Tuesday, August 21, 2007

Iceberg’s down, surf’s up

It was an article by Maurice Chittenden in The Sunday Times that started the excitement. The article appropriately completes with the following picture and a descriptive long title: "Iceberg's down, surf's up -- riding a glacial tsunami is the coolest extreme sport." Since then the story has been picked up around the world in an ever growing numbers of new articles reporting this feat.
As Chittenden described that:
It is not the easiest of pastimes to enjoy. First you have to find a glacier about to “calve”, then wait for up to a fortnight for a house-sized iceberg to break off before catching the monstrous wake after it hits the water from 500ft high. The reward: 60 seconds of sheer exhilaration as you ride a 25ft wall of ice-cold water filled with millions of shards of razor sharp ice, mud, boulders and debris.

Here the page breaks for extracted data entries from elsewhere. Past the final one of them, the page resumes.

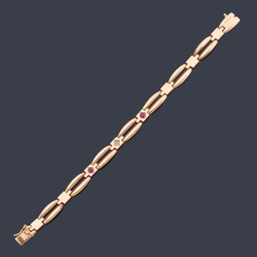 Pulsera años '40 con rubíes sintéticos y un diamante talla antigua en montura de oro rosa de 18K.
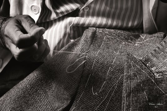 しなやかで洒脱なディテールを持つ「ナポリ仕立て」を創案したチェーザレ アットリーニのスーツは、生地の厳選からアイロン仕上げに至る多くの工程が卓越した職人の手仕事により作られ、世界最高峰とも称されています。
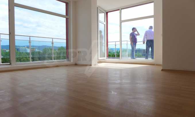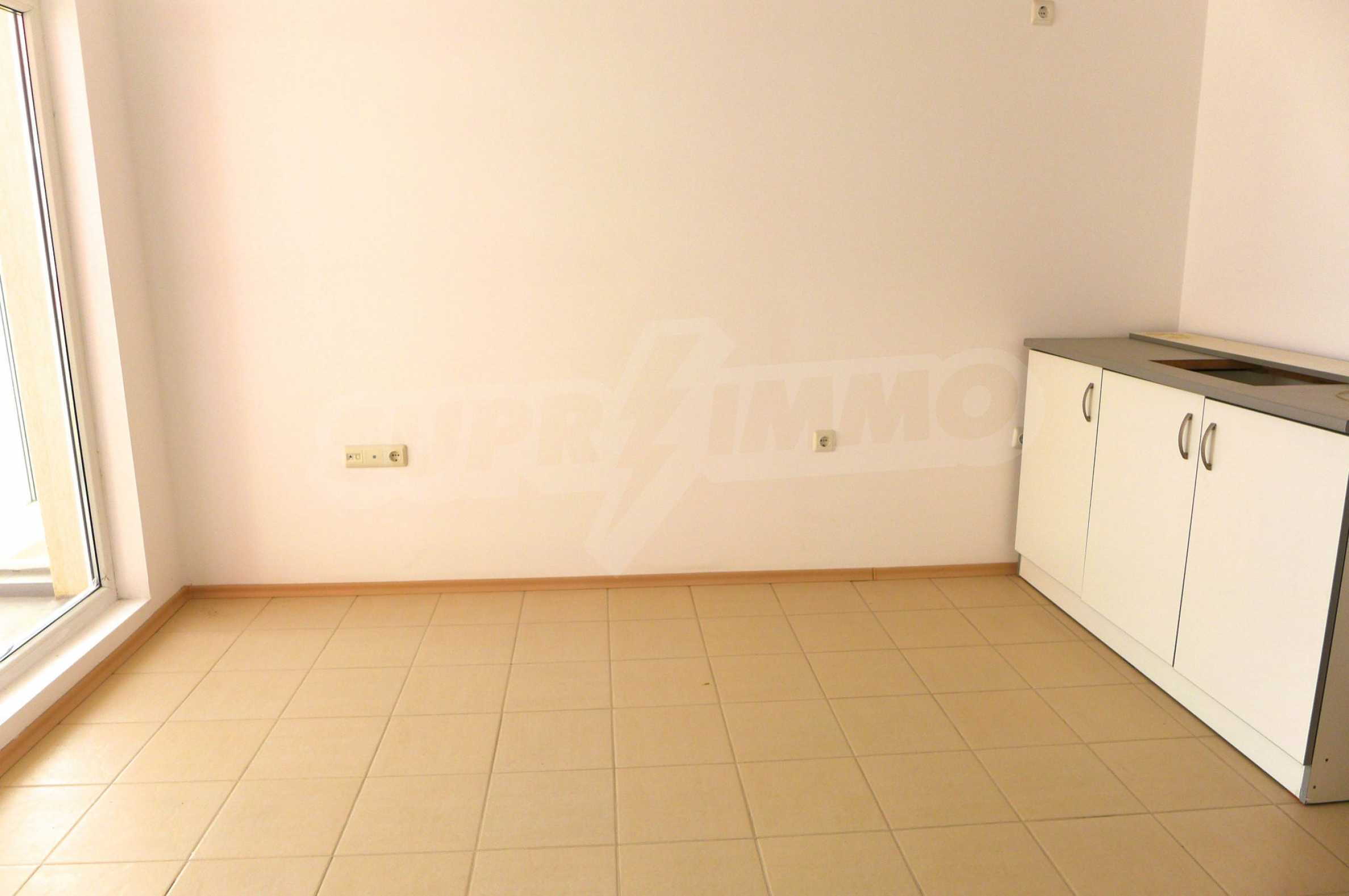 The apartment has a total area of 77 sq.m. The property is sold unfurnished with kitchen cabinets and a bathroom with WC and two balconies. The floors are with tiles, the windows with PVC windows and the walls with Italian plaster. The apartment is equipped with cable TV and Internet.
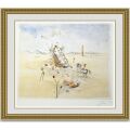 サルバドールダリの「コズミックホースマン」は馬に乗った人物とその風景を、繊細で美しいタッチで描いた作品です。ダリの作風も様々あり、ダイナミックで力強い作品が多い中、風景画のような美しい作品に仕上げられた珍しい一作といえます。もちろん、歪んだ時計のような物体や、勇ましく鬣をなびかせる美しい馬の姿などダリらしさも随所に垣間見れます。地面の薄いベージュや空のうっすらとした青の色使いがとても美しく、落ち着きと安らぎを与えてくれます。目の前に佇む人物が目に入りやすいですが、後ろの山々まで細かく描かれているアートな点も見逃せません。一番前に赤と黒の花を配置しているのも、素人には考え付かないダリのアート魂を感じる作品となっています。
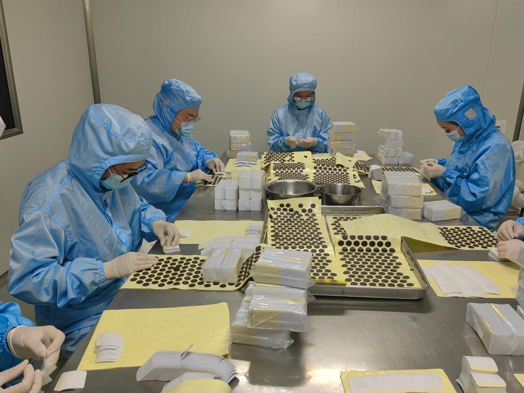 穿上鞋套和洁净服、戴上口罩和帽子走进车间,眼前,药师们正在制作“温阳化痰穴贴”。这种穴贴已连续多年作为北京市“冬病夏治三伏贴”专项工作指定用药,供全市700余家医疗机构调剂使用。

Take a look at the rewarding video here among many other places. Watching the incipience and fall of glaciers that generated huge tsunami kind of muddy waves advance across the ocean at the bottom of the glacier is truly unique. Again it's not freaque wave, but it something that every ocean wave aficionados would certainly appreciate to see it again and again. Science can probably estimate the size of wave if the size of glacier is known. But how how can anyone be certain which one and what's the size of the glacier that's going to fall? Nature is in control here, no one else can -- no matter what the size of your carbon footprint might be!